* What is being asked:
Only the pictures are to be left out; return the rest of the data exactly as it stands.

*** Opening Recorded data ***

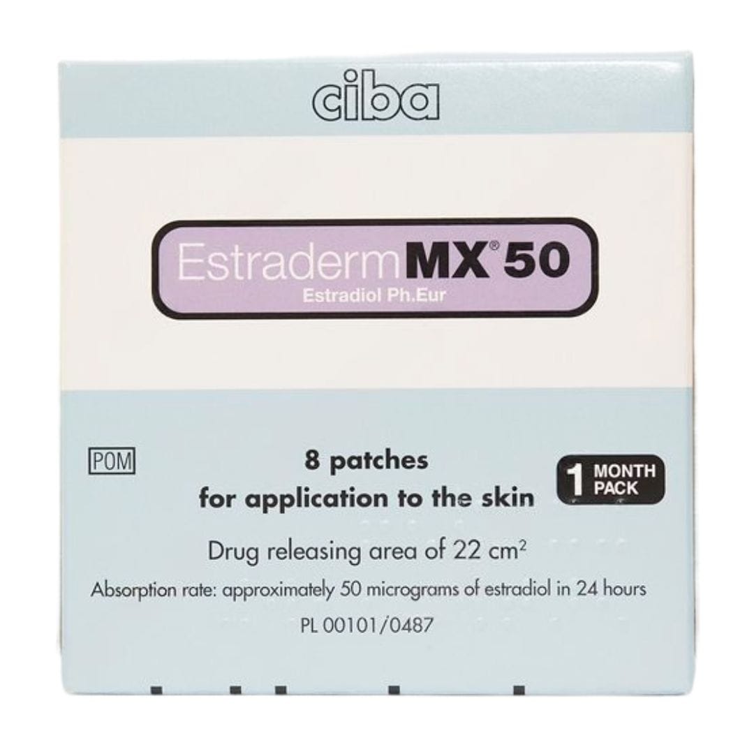 Estraderm MX 50 patch delivers 50 mcg/day of estradiol, the primary form of estrogen, through the skin over 24 hours.
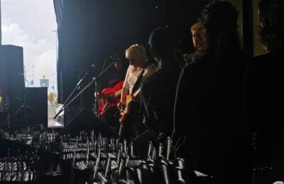 Dessie’s Disc really looked the part: outdated, maybe, but full of warmth. While the walls could use a fresh coat of paint, the place exudes the warmth and welcoming feeling of a good record store. Countless records fill the shelves and crates are scattered across the floor. Behind the counter, the audience can admire a religious-like display of album covers, arranged in a grid that forms a giant cross. The rest of the walls are covered with posters, records, and a striking painting of the Rolling Stones’ giant mouth logo.
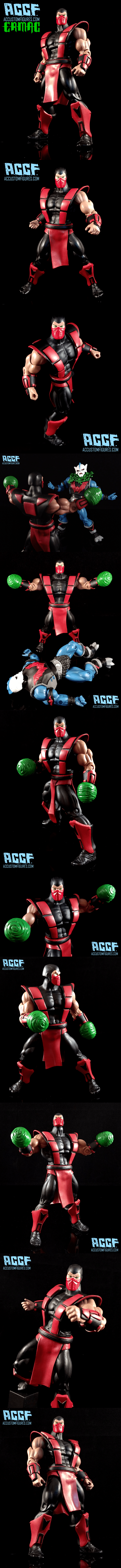 Ermac was made from a MOTUC Dragstor base, He-Men arms, Vikor armor, and a MK Scorpion head base. He features tons of sculpted detail including his armor from top to bottom, his alternate hands and head. He was inspired by the Jin Saotome figure, and is wrapped up in a trademark ACCF MK paint job. Enjoy!

*** Closing Recorded data ***

* Task solution:
 Estraderm MX 50 patch delivers 50 mcg/day of estradiol, the primary form of estrogen, through the skin over 24 hours.
 Dessie’s Disc really looked the part: outdated, maybe, but full of warmth. While the walls could use a fresh coat of paint, the place exudes the warmth and welcoming feeling of a good record store. Countless records fill the shelves and crates are scattered across the floor. Behind the counter, the audience can admire a religious-like display of album covers, arranged in a grid that forms a giant cross. The rest of the walls are covered with posters, records, and a striking painting of the Rolling Stones’ giant mouth logo.
 Ermac was made from a MOTUC Dragstor base, He-Men arms, Vikor armor, and a MK Scorpion head base. He features tons of sculpted detail including his armor from top to bottom, his alternate hands and head. He was inspired by the Jin Saotome figure, and is wrapped up in a trademark ACCF MK paint job. Enjoy!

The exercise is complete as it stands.